More formally, the general instruction set of the zSeries architecture usable by a compiler can be divided into following classes of instructions: RR r1 = r1 op r2
RX r1 = r1 op [x+b+d]
RI r1 = r1 op ch
RS r1 = r1 op [b+d]
SI [b+d] = [b+d] opl cb
SS [b1+d1] = [b1+d1] opl [b2+d2]

where we use the following elements:

- r General or floating-point register
- x Index register (register %r1-%r15)
- b Base register (register %r1-%r15)
- d Displacement, 12-bit constant (0–4095)
- cb 8-bit constant, unsigned
- ch 16-bit constant, signed or unsigned
- op Arithmetical or logical operation
- opl Logical operation (including move)
- [addr] Content addr is pointing to

If running in zSeries architecture mode, an address is 24, 31, or 64 bits wide, depending on the addressing mode a program operates in.
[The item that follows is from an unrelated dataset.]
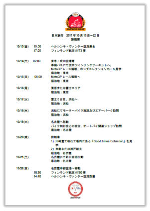Tokiossa klo 9 alkaen. Käymme kiertoajelulla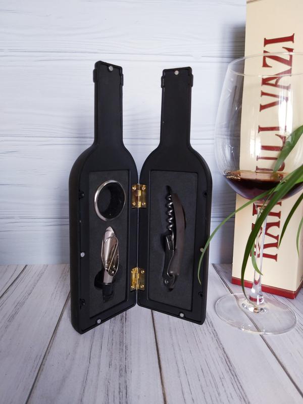 В наличии в 3-х цветах: темно-зеленый, бордо,черный. Винный набор сомелье - это стильный подарок,который подойдет как женщине,так и мужчине. Им вы подчеркнете как свой вкус,так и уважение к получателю дара,намекая тем самым, что знаете его или ее как ценителя вин. Подарочный винный набор красиво упакованный в специальном футляре в виде винной бутылки, все инструменты выдержаны в едином дизайне и выполненны из качественного метала. В наборе есть все необходимые вещи что бы открыть бутылку. Прежде всего это: -штопор профессионала " Швейцарский нож" который удалит пробку легко и быстро. Металлический штопор сомелье оснащен маленьким ножичком для удаления обертки пробки,а также имеется открывалка для бутылок. -Воронка для вина с пробкой,что бы сохранить букет напитка до следующего раза (если бутылка осталась не допитой). -Кольцо с салфеткой,которая одевается на бутылку,что бы капли вина не стекали с нее и не запачкали скатерть. Отправка Новой почтой или Укр почтой в любой город Украины. Или возможен самовывоз М Лукьяновка

The S/390 architecture mode provided only the 24-bit and 31-bit addressing modes. Here, the most significant bit of a 32-bit address is sometimes used to distinguish between 24-bit and 31-bit bit mode in 'mixed' environments. The displacement for address generation in the instruction itself is only 12 bits. Together with the fact that this displacement is unsigned, this causes some problems for defining a ABI and implementing a efficient compiler, especially when dealing with large stack frames, a downward growing stack, large GOT tables, etc. The impact of this for implementing the compiler will be shown later.

In order to provide conditional execution, zSeries uses a 2-bit condition code as part of its program status word. Most non-move or nonbranch instructions, depending on the result of their operation, set this condition code. The actual value a specific instruction sets is defined for each instruction individually, and only to a certain extend a clear classification can be made. The architecture has branch instructions that decide whether a branch is taken depending on whether the current condition code equals one of the values provided in the form of a 4-bit branch condition mask as part of the instruction.

#### 2.2 Linux for zSeries ABI

The Linux port on S/390 and zSeries uses a variant of the ELF ABI. For a full definition of the architecture-dependent parts see [3] and [4]; the following gives a short overview of the most important features. While the processor architecture does not define a stack, the ABI chooses by convention the general purpose register %r15 for use as stack pointer. The stack grows downwards; the low 96 bytes (160 bytes on 64-bit) are reserved as register save area for use by called subroutines. Registers %r0-%r5 are clobbered across function calls, while %r6-%r15 are saved. Parameters are passed in registers and a parameter area on the stack.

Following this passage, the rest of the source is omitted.